Figure 6: Mary Giles, Shadow Profile (recto)
Shadow Profile, 2001 (figs 5 and 6), and the later Center Fracture, 2011 (fig 2) incorporate metal components in ways that add texture, color gradation, form, contrast, and content. For Giles, the material possibilities emphasized the physicality of the work as well as layered meaning. She would torch metal—found pieces, manipulated pieces, or metal wire—to alter color. This responded to the shifting dynamics of elements in the natural world—variations in light or atmosphere, the contrasts of surfaces and textures across flora, fauna, and landscape, and the naturally occurring adjustments to the environment.
In his essay regarding her process, Giles’ husband, Jim Harris, addresses her use of figures—often anatomically correct male figures—throughout her body of work. The variety of uses is, in and of itself, noteworthy. The aforementioned Black Effigy (fig 18), is a coiled vessel that elongates and abstracts the human form, the column of Fading Rhythm Totem, ca. 2000 (figs 14 and 15), is comprised of figures standing on one another’s shoulders adorned in metal fringe skirts, and Statistical Divisions (fig 7) offers a flatter rendition with many wire stick-like figures arranged in patterns suggesting gatherings or crowd formations. In an interview for a Minnesota PBS program, Giles described her use of the male figure in both aesthetic and metaphoric terms—as an “interesting image” and an “excellent symbol.” Tied to her larger interests, it reflects the human condition in both physical and psychological terms, and establishes links to natural cycles of growth and decay.

Figure 7: Mary Giles, Statistical Divisions, 2014, Lead, copper, and iron wire, 21 x 40 1/2 x 1 1/2 inches, Racine Art Museum, Promised Gift of Jim Harris, Photography: Petronella J. Ytsma
Giles plays with concepts that reinforce her thinking in sculptural terms. For example, with Janus Transparency, 2016 (figs 8 and 9), there are multiple vessel forms that optically push and pull the idea of surfaces and that offer differing color tones from front to back. To get the most complex and layered understanding, the work needs to be viewed from multiple angles. With metal strips made of copper on one side and iron on the other, the effect is like a shift from day to night. Her larger boulder-like forms such as Center Fracture (fig 2) not only reveal her capability with her chosen materials but also highlight her capacity to push a concept. The natural world is hinted at in an abstract way—as a geological formation at a small scale—while simultaneously rendered ultra-real with shimmering and craggy surfaces. It is both evocative of and removed from an environmental formation—powerful as it is both familiar and unfamiliar.

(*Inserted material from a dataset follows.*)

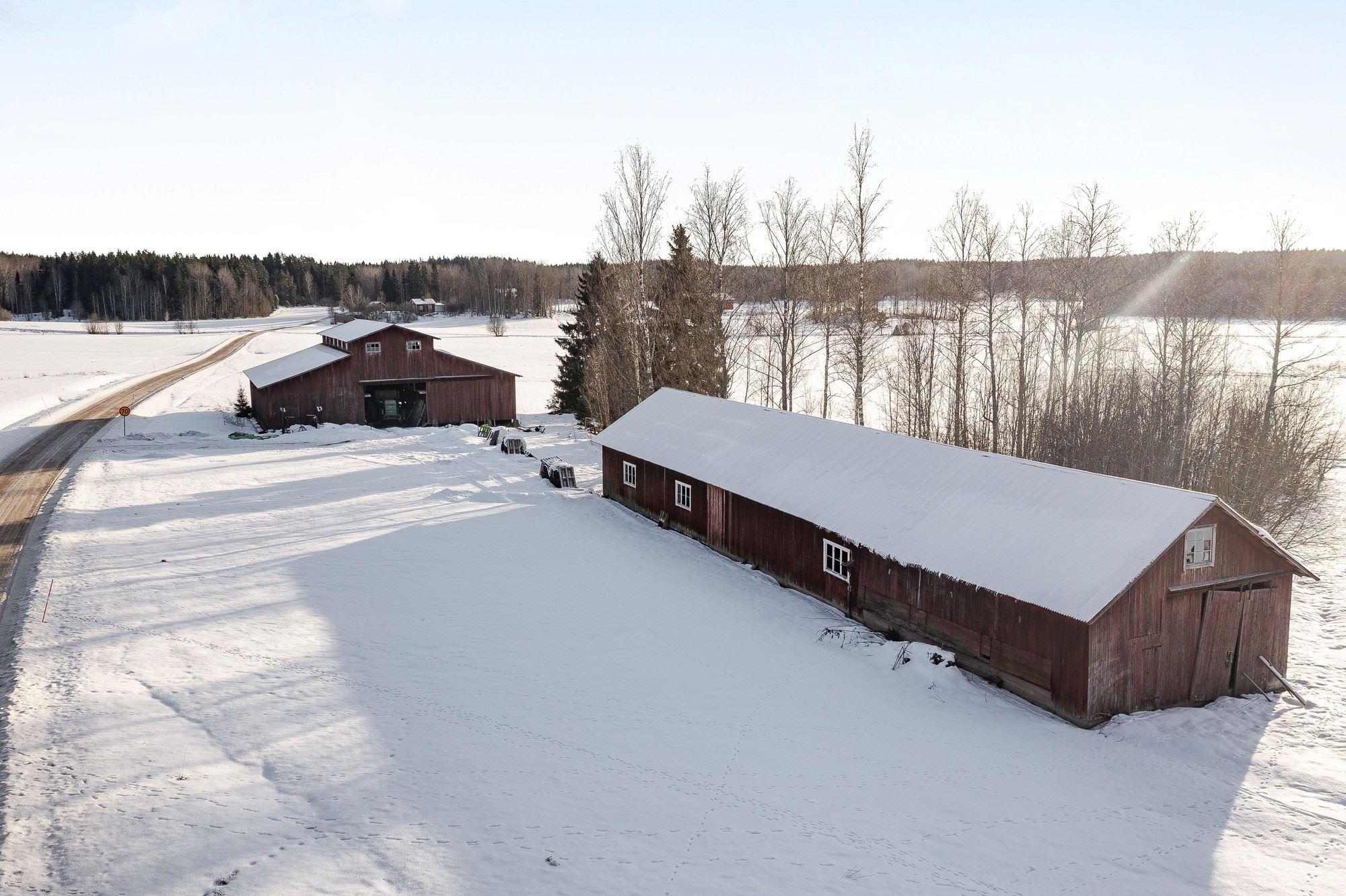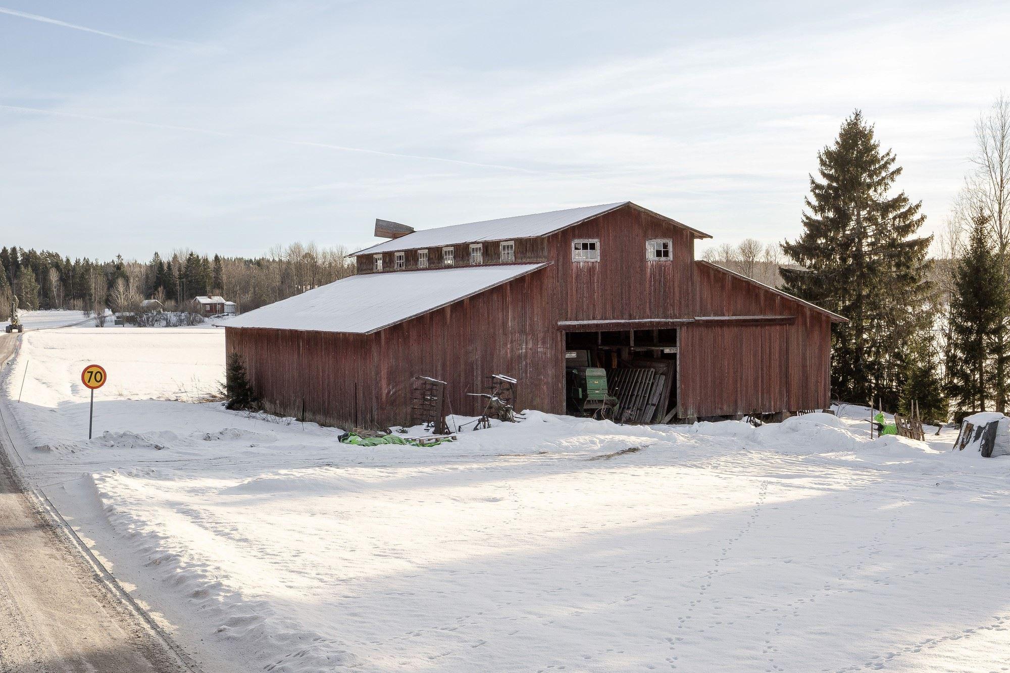 Rejäl ekonomibyggnad bestående av ladugård, stall och en rejäl loge. Stor höskulle ovan ladugårdsdelen/stallet. Enligt fastighetstaxeringens uppgifter är den totala ytan 1405 kvm. Ladugården och stallet är uppmurad i sten/tegel med putsad fasad. Lertegel på taket.

Figure 8: Mary Giles, Janus Transparency (recto), 2016, Waxed and dyed linen, copper, and iron, 8 1/2 x 12 1/4 x 5 inches, Racine Art Museum, Promised Gift of Cathy Barancik and Steven Novik, Photography: Petronella J. Ytsma

Figure 9: Mary Giles, Janus Transparency (verso), 2016
Giles’ boundary pushing garnered attention nationally and internationally. She represented the US at the International Triennial of Tapestry in Lódz, Poland. She was named a Master of Fiber Arts by the James Renwick Alliance, which supports the Renwick Gallery at the Smithsonian American Art Museum. Her work is included in over a dozen museum collections including the Minneapolis Institute of Art and the Racine Art Museum.
In its current makeup, RAM’s fiber collection is anchored by artists interested in baskets and basketmaking techniques. Mary Giles, with 22 pieces now at RAM and others promised for later arrival, is one of the most well-represented fiber artists, with works spanning over three decades. In addition, Giles signifies the impact women had on expanding conversations in and around art and studio craft during the late twentieth century. While Giles may not have identified herself as a pioneer, per se, she pushed boundaries in her chosen media. And, what is more, she loved the process of making.